Brief: With pictures left out, write out exactly every line from the start of the data through the one that contains "Using fictitious data, I".

Dataset extract:
——————
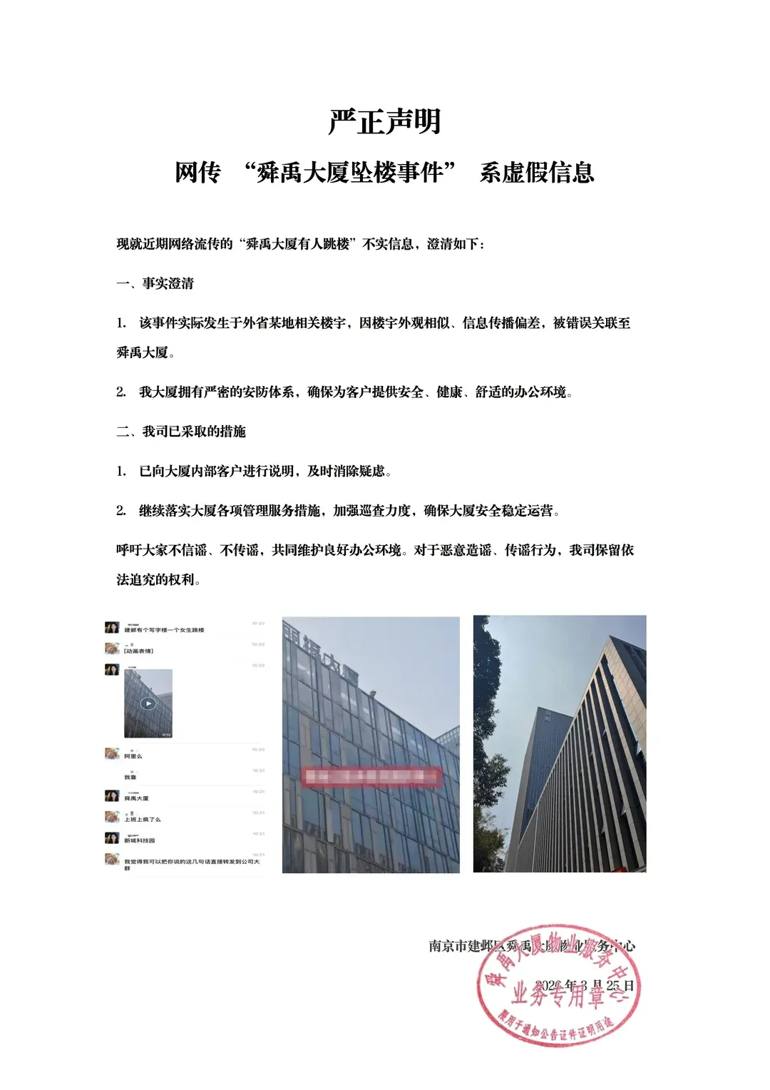 近期,网络流传南京“舜禹大厦有人跳楼”。3月25日,舜禹大厦物业服务中心发布声明称,该消息为不实信息,事件实际发生于外省某地相关楼宇,因楼宇外观相似、信息传播偏差,被错误关联至舜禹大厦。舜禹大厦物业服务中心表示,已向大厦内部客户进行说明,及时消除疑虑。同时,继续落实大厦各项管理服务措施,加强巡查力度,确保大厦安全稳定运营。
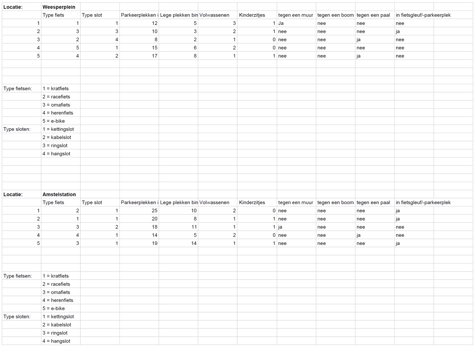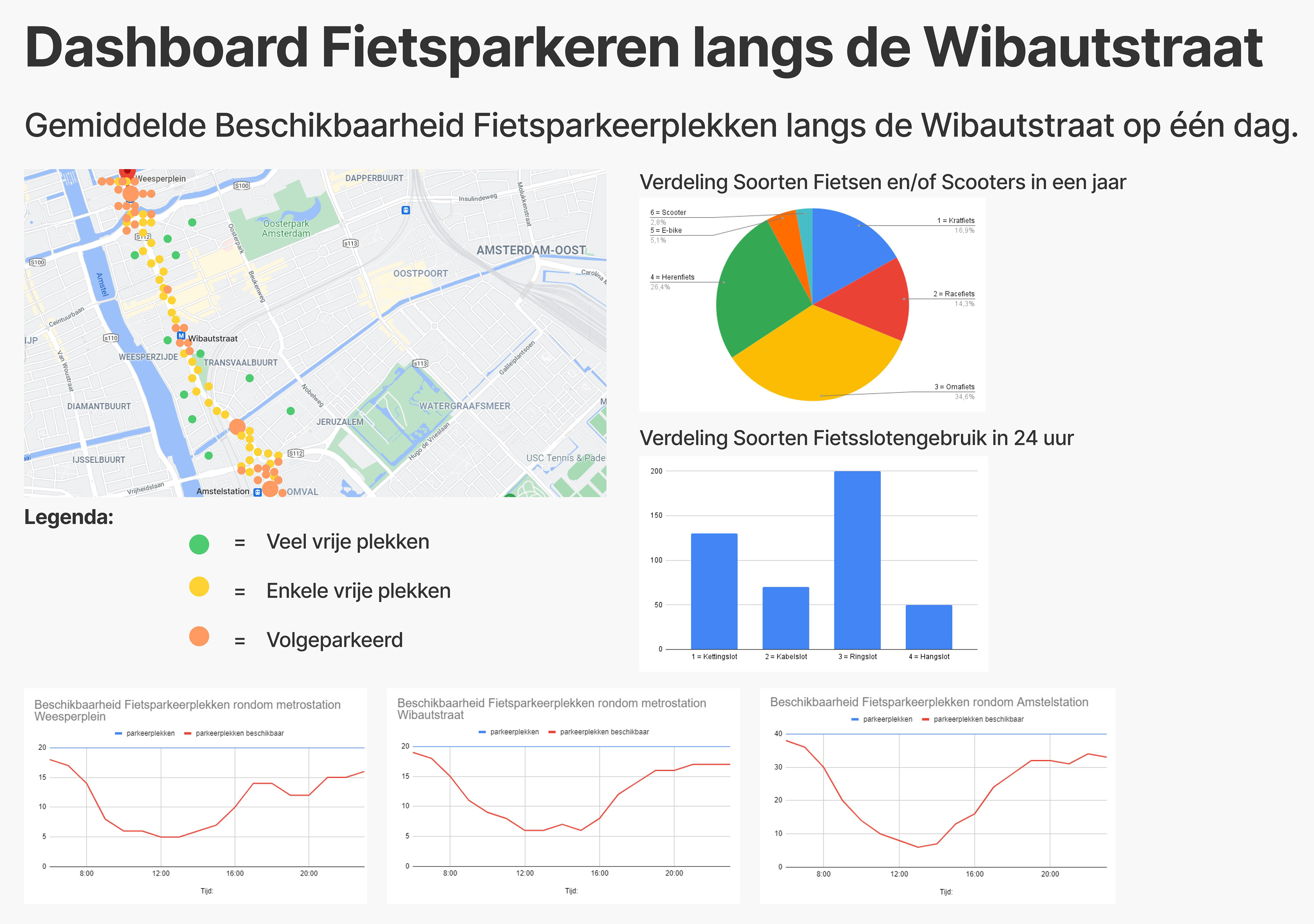 Using fictitious data, I was able to create data tables as shown below. As illustrated in the dashboard above, which was built using this data below, I distinguished between three stops/stations along the Wibautstraat. Around which station, at what exact location, and at what time are bicycle parking spaces available? This useful information can be read directly from the graphs in the dashboard above.
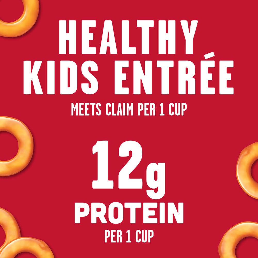 SpaghettiOs Canned Pasta with Chicken Meatballs is the joyfully uncomplicated dish the whole family will enjoy. With its signature O-shaped pasta in sweet, saucy nostalgia, every spoonful of these pasta rings deliver that comforting classic flavor kids love and parents remember. It's fun, mess-free, and designed for families to actually enjoy together. Whether you're serving it up as part of a quick lunch, or an afternoon snack, SpaghettiOs is there to create moments of playful delight while keeping things convenient. Not only is SpaghettiOs delicious, but it also has sneaky goodness into every bite. Each cup includes 20% of your daily vegetables* *(1 cup of canned pasta = 1/2 cup vegetables) in every serving. And with 12 grams of protein per cup, it's an option parents can feel good about serving. The iconic sweet sauce floods every bite with flavor, making it a canned pantry food staple kids can enjoy. Heat it up in minutes, or dive right in and enjoy - you might even steal a spoonful yourself. SpaghettiOs canned pasta is the comforting classic that brings families together over the table in moments of light-hearted joy. A bowl filled with O-shaped fun and endless nostalgia means every meal is a little bit mischievous, a little bit cozy, and entirely delicious. So grab a spoon and rediscover what mealtime is all about with SpaghettiOs. • Size: 15.6 OZ • Campbell Soup Company, Camden,NJ,USA • Packaging: Reusable
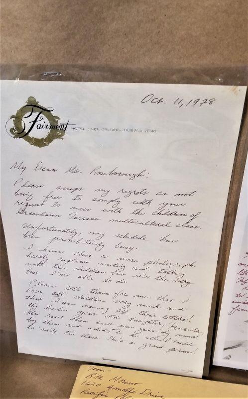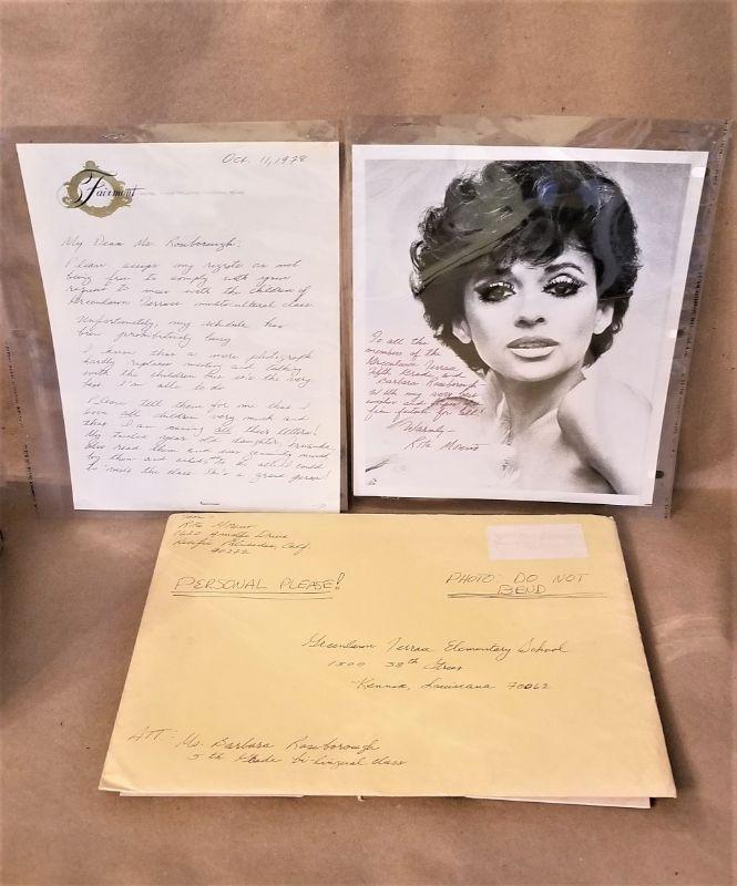 Autographed photo reads "To all the children of the Greenlawn Terrace Fifth Grade - with my very best wishes and hope of a fine future for all - Rita Moreno". A 2 page handwritten letter accompanies the photo expressing her regret at being unable to meet with the kids in person. Written in New Orleans on Fairmont stationary - dated 11 Oct 1978. Rita Moreno is still living and is one of the few entertainers to have won ALL FOUR of the major entertainment awards - am Emmy, as Oscar, a Grammy, and a Tony. This lot is a true collectible.
——————
Solution to the problem:
 近期,网络流传南京“舜禹大厦有人跳楼”。3月25日,舜禹大厦物业服务中心发布声明称,该消息为不实信息,事件实际发生于外省某地相关楼宇,因楼宇外观相似、信息传播偏差,被错误关联至舜禹大厦。舜禹大厦物业服务中心表示,已向大厦内部客户进行说明,及时消除疑虑。同时,继续落实大厦各项管理服务措施,加强巡查力度,确保大厦安全稳定运营。
 Using fictitious data, I was able to create data tables as shown below. As illustrated in the dashboard above, which was built using this data below, I distinguished between three stops/stations along the Wibautstraat. Around which station, at what exact location, and at what time are bicycle parking spaces available? This useful information can be read directly from the graphs in the dashboard above.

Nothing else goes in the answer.